Every grant goes through the mediated POST /agentic-security/authorization/relationships (never OpenFGA directly), so the write is tenant-scoped and audited automatically, and the per-tenant relationship epoch bumps. That epoch is folded into the decision cache key, so the L1 decision cache invalidates instantly - the next /decide reflects the grant at zero added latency (see Consistency & accuracy below).

ReBAC Studio is gated Business and above (FeatureGate agentic.integrity), with RBAC inherited from the workspace. It activates when OPENFGA_API_URL is set for the deployment; otherwise it shows a graceful “not enabled” card.

The Analytics → Authorization page renders the same recharts least-privilege and relationship graphs (shared with the Overview tab) and links to Edit in ReBAC Studio.

Not yet in the UI

The interactive Relationship Graph Explorer force-graph (node-link) and the model DSL editor (an editing surface for the authorization model - the Model tab is read-only; publishing the model still uses the existing admin endpoint) are not yet rendered.
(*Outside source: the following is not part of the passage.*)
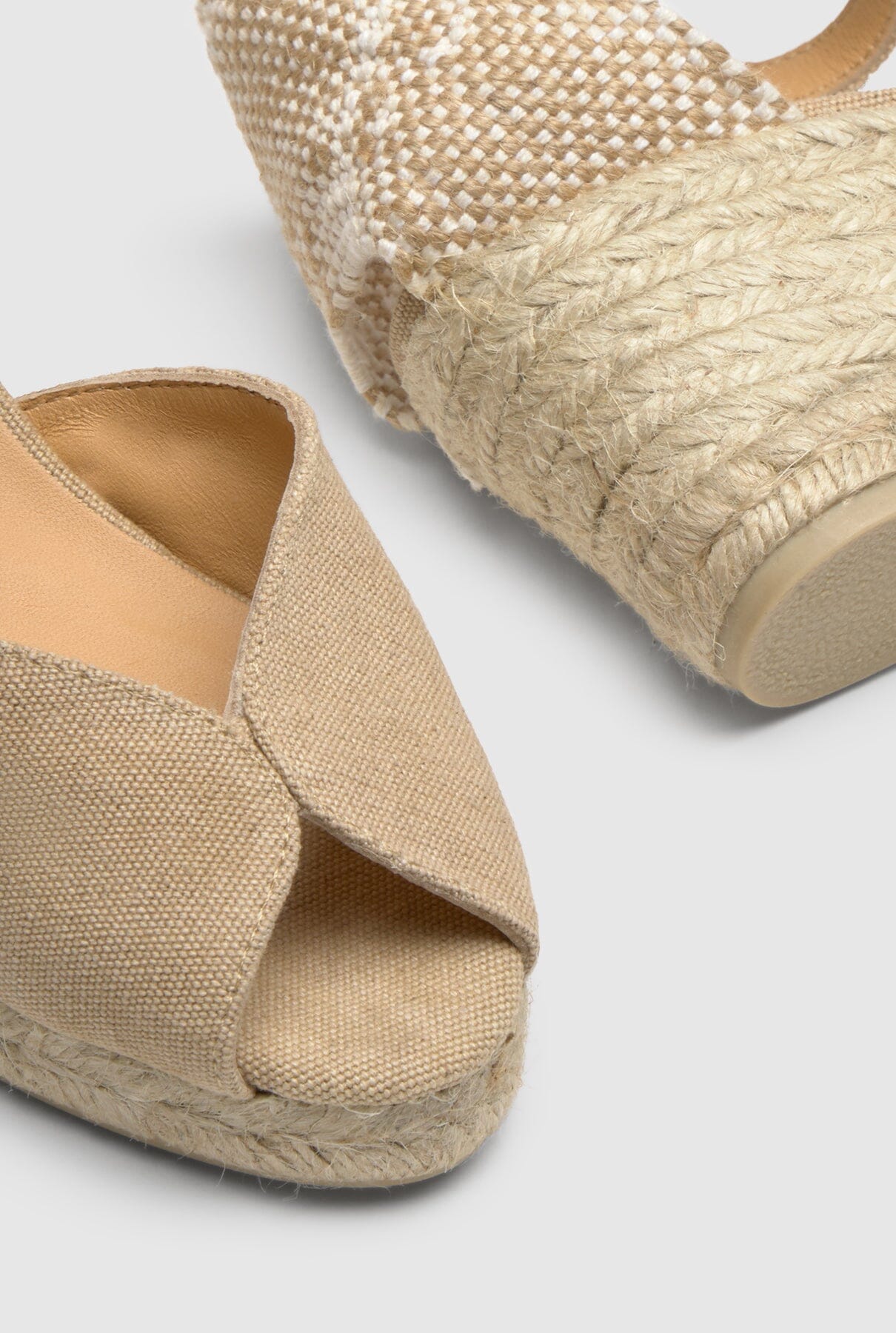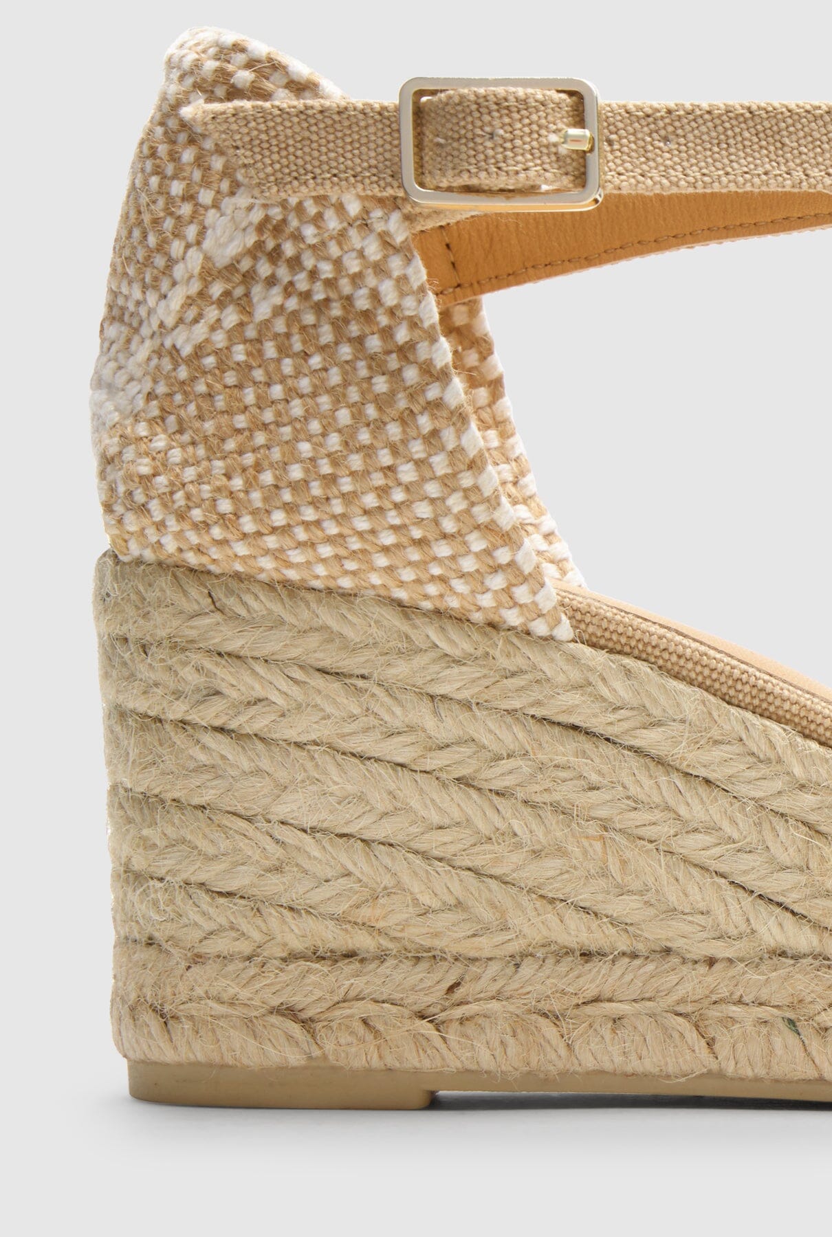 Realza tus looks con nuestras alpargatas Bianca, un modelo único que derrocha personalidad. Hechas a mano en España en algodón orgánico certificado y acabado lavado sostenible. Las alpargatas Bianca se convertirán en tus mejores aliadas para el día a día. Cuentan con puntera abierta redondeada, cierre de hebilla lateral con hebilla metálica, tacón de 7cm y suela de goma vulcanizada.

The FGA client also still lacks Expand / ListUsers, so the forward “who can access this object” query is not yet available.

MCP Gateway authorization

When your agents reach tools through DeepIntShield’s MCP gateway, an MCP interaction raises three authorization questions - and each is answered by the same relationship operand at a different stage of the call:

Stage	Question	Example check
Connect	May this principal use this MCP server at all?	can_connect on mcp_server:filesystem
Invoke	May this principal call this specific tool?	can_invoke on mcp_tool:filesystem/read_file
Resource	May this principal touch the object the tool acts on?	viewer on document:{args.path}

Because MCP is inherently relational - servers own tools, tools belong to tool-sets, tools act on resources - ReBAC models it naturally, with inheritance an allow-list can’t express:

• Grant an agent access to a server and it cascades to that server’s tools.
• Grant a team viewer on a folder and it cascades to every document inside.

You bind servers, tools, and tool-sets to agents and teams from the MCP Registry → Authorization tab (these become relationship tuples); resource relationships come from your application data (synced via the API, CSV import, the SDK, or auto-seeded from a server’s resources/list).
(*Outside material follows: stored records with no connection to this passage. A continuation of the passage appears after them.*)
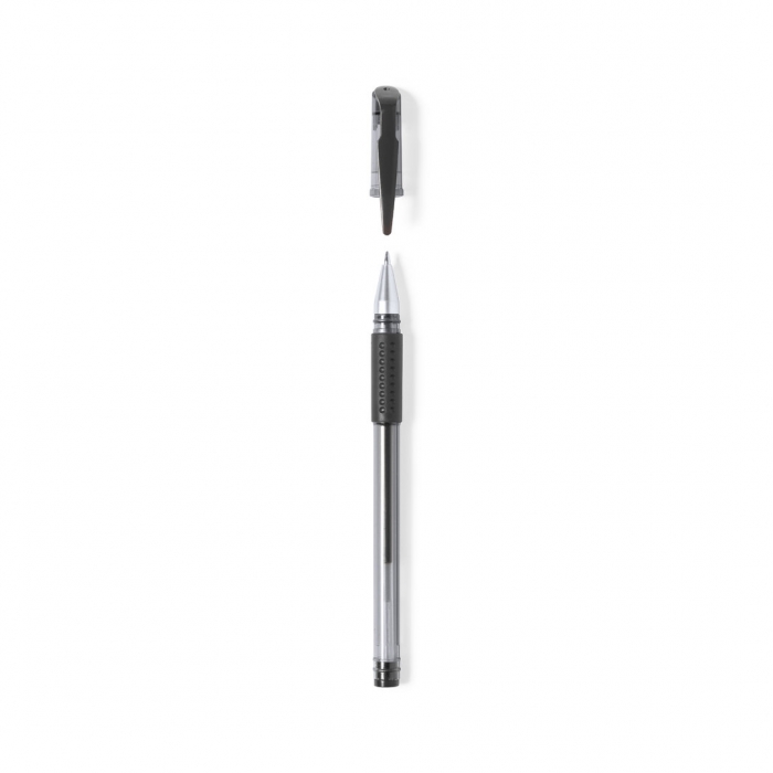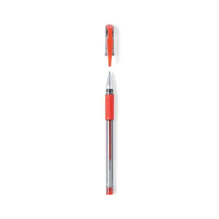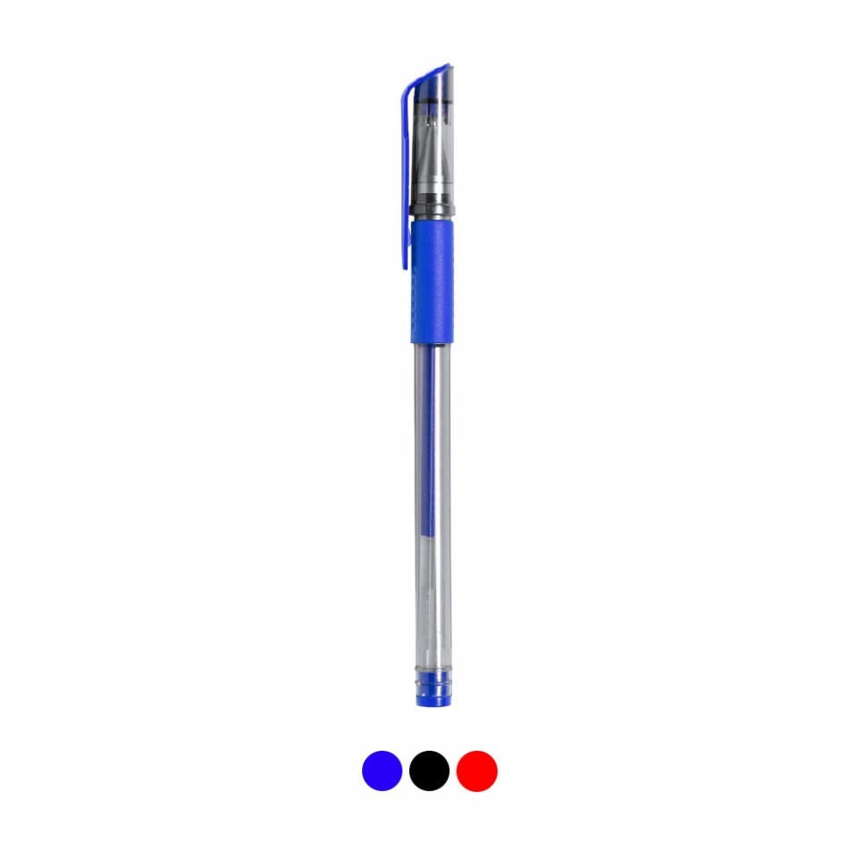 Características: Bolígrafo en tinta gel de original diseño transparente, con empuñadura, capucha y detalles a juego. Disponible en varios colores de escritura, con tinta en el mismo color que los acabados del bolígrafo.
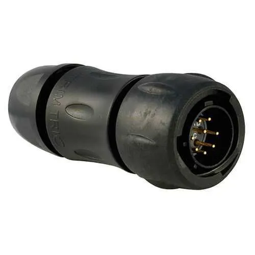 The connector uses a straight plug with a sealing gland backshell and a 1/3 bayonet coupling for secure, vibration‑resistant mating. It supports cable diameters from 3 to 12 mm and a compact 66.7 mm length, enabling straightforward panel mounting in tight spaces. Mating cycles reach 250, allowing repeated connections without significant wear. This makes field installation quicker and more reliable in automation cabinets.
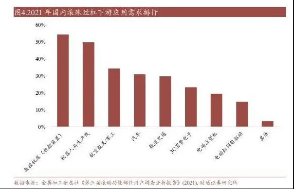 在下游應(yīng)用場(chǎng)景中,目前國內(nèi)數(shù)控機(jī)床、機(jī)器人與生產(chǎn)線以及航空航天與軍工為滾珠絲杠最主要應(yīng)用去向。隨著全球智能化產(chǎn)業(yè)鏈的不斷擴(kuò)張和自動(dòng)化在各領(lǐng)域的不斷深入,人型機(jī)器人、高檔數(shù)控機(jī)床、電動(dòng)機(jī)械等下游領(lǐng)域有望不斷為包括滾珠絲杠在內(nèi)的滾動(dòng)功能部件提供市場(chǎng)增量,從而擴(kuò)大滾動(dòng)功能部件的總市場(chǎng)空間。
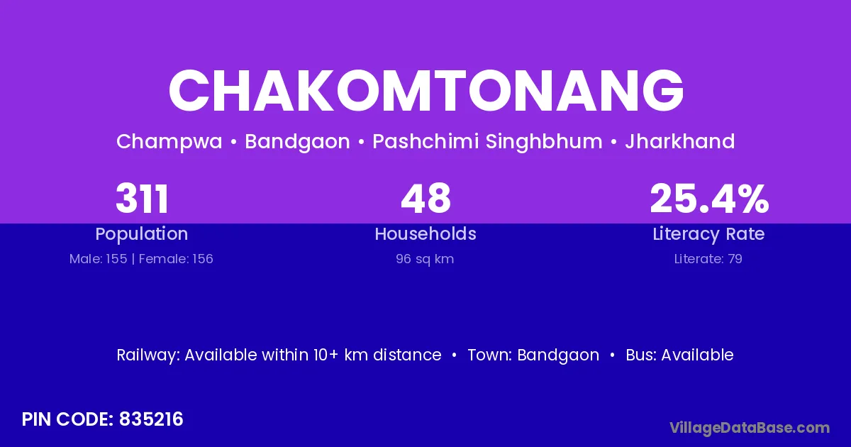 According to Census 2011 information, the village code of Chakomtonang village is 835216.
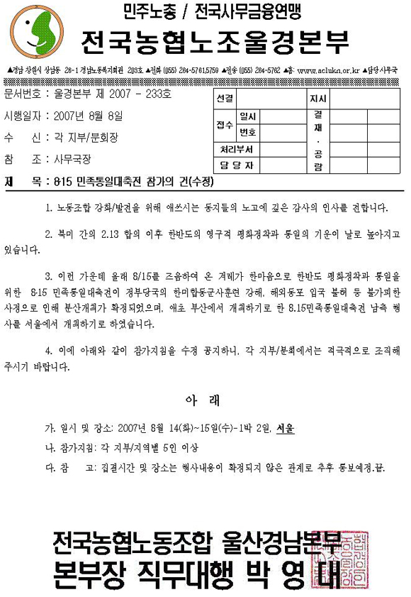 [°ø¹®07-233] 8.15 ¹ÎÁ·ÅëÀÏ´ëÃàÀü Âü°¡ÀÇ °Ç(¼öÁ¤)
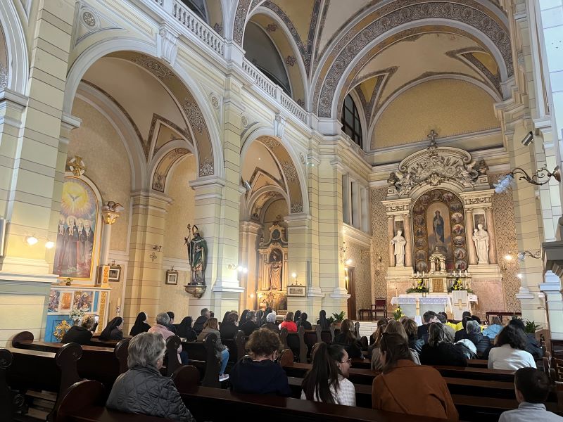 Druga crkva koju smo pohodili je crkva Presvetog Trojstva u Novom Sarajevu. Utemeljitelj dr. Josip Stadler je prepoznao potrebe novodoseljenih katoličkih obitelji u radničkom kvartu, a od velikog značaja za njih su bile i sestre Kćeri Božje Ljubavi. Tu smo neko vrijeme ostali u molitvi Presvetom Trojstvu i Blaženoj Djevici Mariji s nakanom za mir u svijetu.
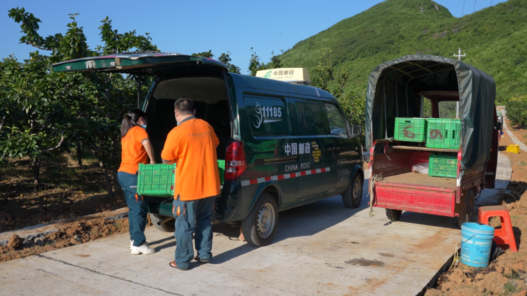 贺州市邮政快递车到果园提供上门取件服务。(毛俊人 摄)
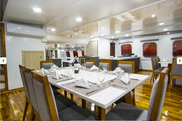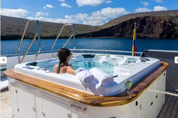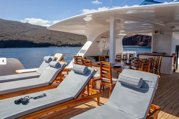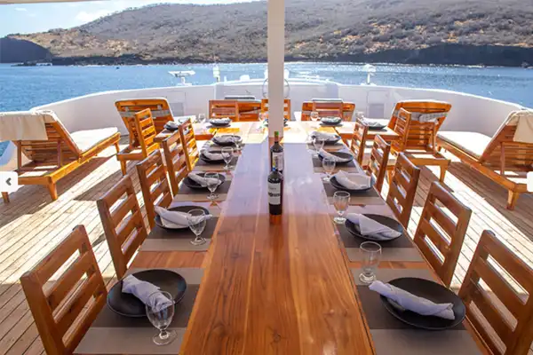 Book a Galapagos cruise and enjoy the huge variety of Natural Paradise Onboard Services. We offer the most fantastic food and beverage services, including a great choice of places to sit and drink. On top of this, there are lots of deck areas to exercise or relax.
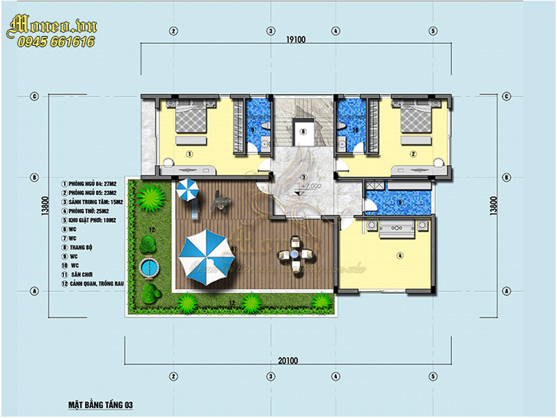 * Tầng 3: Phòng ngủ 5: 27m2; phòng ngủ 6: 23m2; sảnh trung tâm 15m2; phòng thờ 25m2; khu giặt phơi 10m2; wc, thang bộ, sân chơi, cảnh quan

Relationship-aware tool discovery

When a relationship policy is active, the gateway can filter a tools/list response to only the tools the calling principal is allowed to invoke - so an agent never even sees tools it has no relationship to (a reverse ListObjects query, off the hot path).

Consistency & accuracy

• OpenFGA is the source of truth for relationships; tuple writes are transactional.
• DeepIntShield keeps an eventually-consistent read cache bounded by the revocation SLA. A relationship change invalidates affected cached verdicts immediately by bumping a per-tenant epoch folded into the cache key.
• The relationship operand is a typed check, not a heuristic - verdicts are exact, and the pinned model version guarantees a model change can never serve a stale result.

Additive by design

Relationship Authorization changes nothing about your existing policies or the decision hot path. Tenants without a relationship policy never pay any cost, and the capability can be rolled out with the existing Shadow → Canary → Enforce modes - measure exactly what it would change before you enforce it.